══ Data
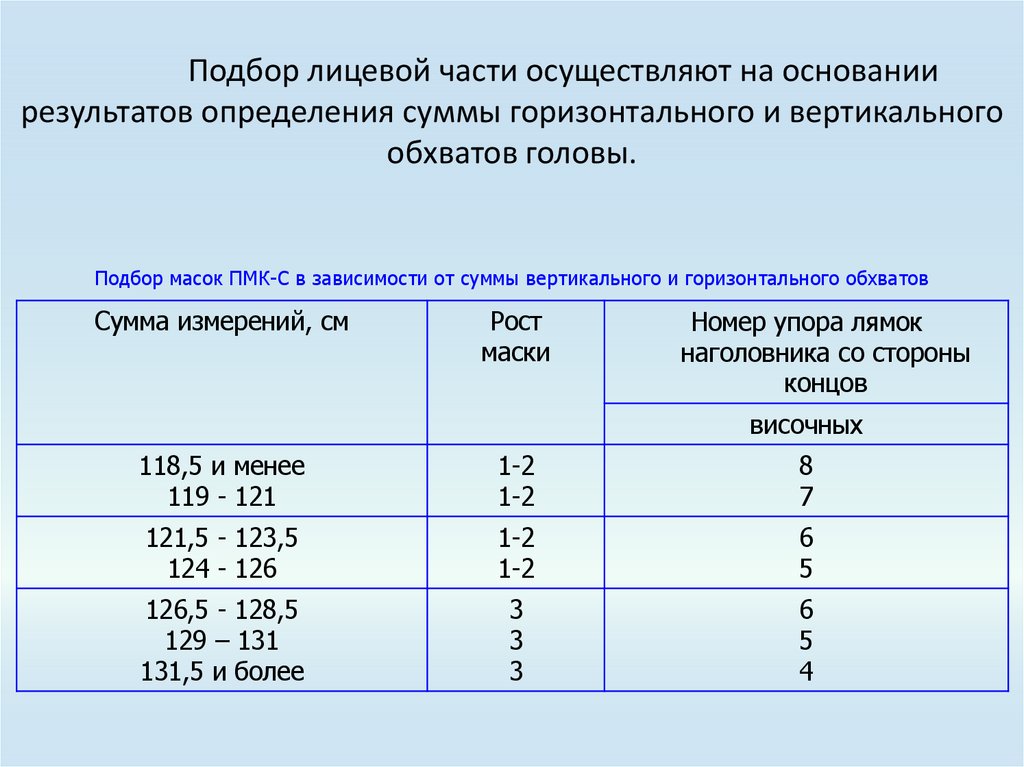 Подбор масок ПМК-С в зависимости от суммы вертикального и горизонтального обхватов
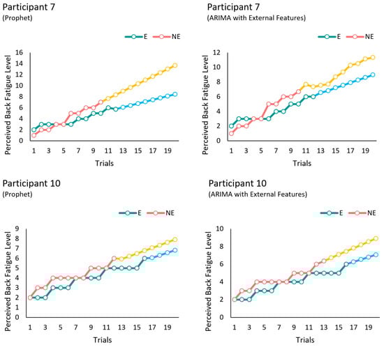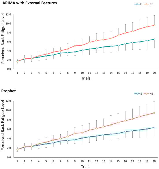 Comparison of mean values of perceived back fatigue levels across all participants for with (E) vs. without (NE) assistance conditions for best performing models of (top) ARIMA with external features and (bottom) Prophet across 20 trials with forecasting (yellow and blue colors indicate forecasted fatigue levels for without and with assistance conditions respectively).
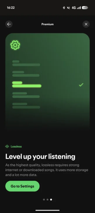 Abonnenter som startar Spotify-appen idag bör mötas av ett välkomstmeddelande som påpekar att det förlustfria ljudet nu är tillgängligt. Du kan aktivera det förlustfria ljudet genom att trycka på din profilbild uppe i vänstra hörnet av appen, välja ”Inställningar och integritet” längst ned och slutligen trycka på ”Mediakvalitet”.
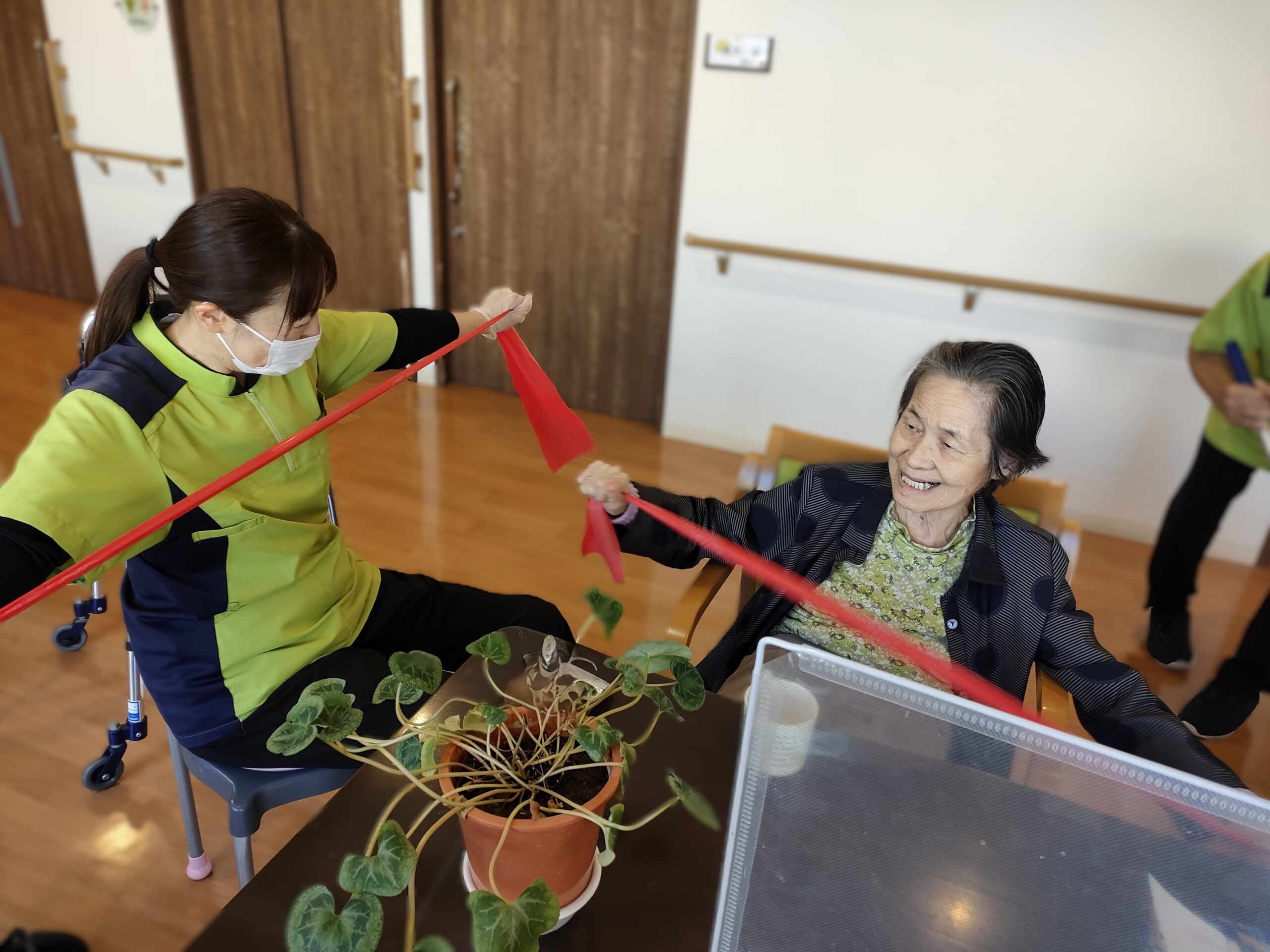 こんにちは、向日葵1.2番街です。 今日は、普段行っている機能訓練士によるリハビリの様子をお届けします。 まずは、セラバンドを使って、横に上に前にといろんな場所を伸ばしていきます。 お客様は「普段動か[...]
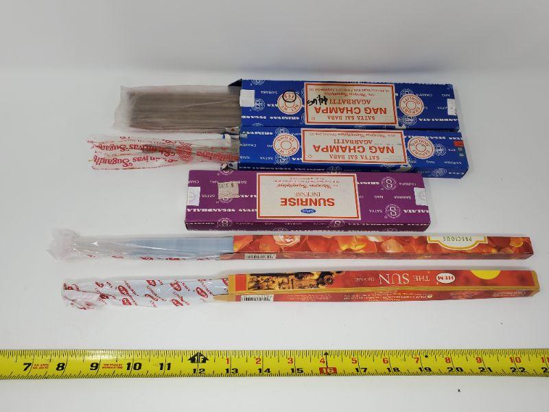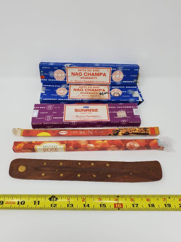 Cute little wooden incense burner with several boxes of incense sticks, one unopened and most of them are pretty full.
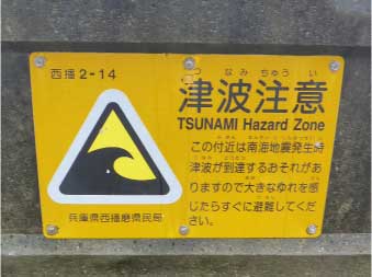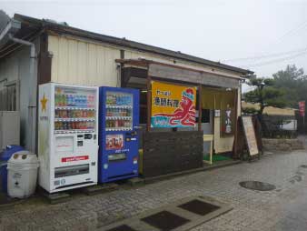 | 唐船山からの下山は東側のサンビーチへと下った。下りつくと、防波堤に津波注意の看板があった。どこに非難するのか書いてはなかった。 下山するとそこにほったて小屋があった。ほったて小屋のビニールハウス風なところで焼き牡蠣を楽しんだ。調理済みのご馳走を頂くのも良いが、たまにはわいわい言いながら自分たちで焼いて食べるのもなかなか面白い。 |
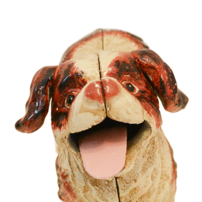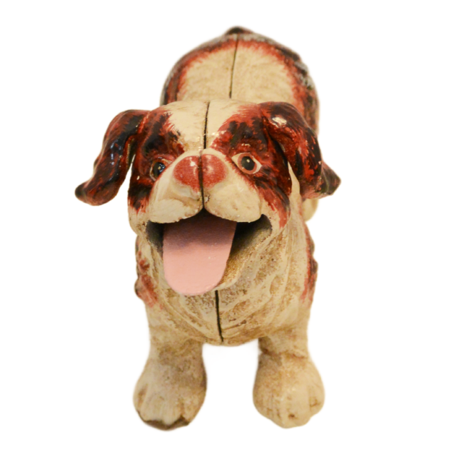 It is also in excellent working condition. Just lift the tail of this adorable puppy, place a coin on his tongue, and he will happily gobble it up.
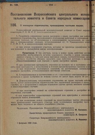 Постановление Всероссийского Центрального Исполнительного Комитета и Совета Народных Комиссаров. О жилищном строительстве, производимом частными лицами. 4 февраля 1929 г.
════
* _Task to complete_:
No picture is to appear in the copy; every entry above is otherwise to be printed verbatim.

* _Answer to this exercise_:
 Подбор масок ПМК-С в зависимости от суммы вертикального и горизонтального обхватов
 Comparison of mean values of perceived back fatigue levels across all participants for with (E) vs. without (NE) assistance conditions for best performing models of (top) ARIMA with external features and (bottom) Prophet across 20 trials with forecasting (yellow and blue colors indicate forecasted fatigue levels for without and with assistance conditions respectively).
 Abonnenter som startar Spotify-appen idag bör mötas av ett välkomstmeddelande som påpekar att det förlustfria ljudet nu är tillgängligt. Du kan aktivera det förlustfria ljudet genom att trycka på din profilbild uppe i vänstra hörnet av appen, välja ”Inställningar och integritet” längst ned och slutligen trycka på ”Mediakvalitet”.
 こんにちは、向日葵1.2番街です。 今日は、普段行っている機能訓練士によるリハビリの様子をお届けします。 まずは、セラバンドを使って、横に上に前にといろんな場所を伸ばしていきます。 お客様は「普段動か[...]
 Cute little wooden incense burner with several boxes of incense sticks, one unopened and most of them are pretty full.
 | 唐船山からの下山は東側のサンビーチへと下った。下りつくと、防波堤に津波注意の看板があった。どこに非難するのか書いてはなかった。 下山するとそこにほったて小屋があった。ほったて小屋のビニールハウス風なところで焼き牡蠣を楽しんだ。調理済みのご馳走を頂くのも良いが、たまにはわいわい言いながら自分たちで焼いて食べるのもなかなか面白い。 |
 It is also in excellent working condition. Just lift the tail of this adorable puppy, place a coin on his tongue, and he will happily gobble it up.
 Постановление Всероссийского Центрального Исполнительного Комитета и Совета Народных Комиссаров. О жилищном строительстве, производимом частными лицами. 4 февраля 1929 г.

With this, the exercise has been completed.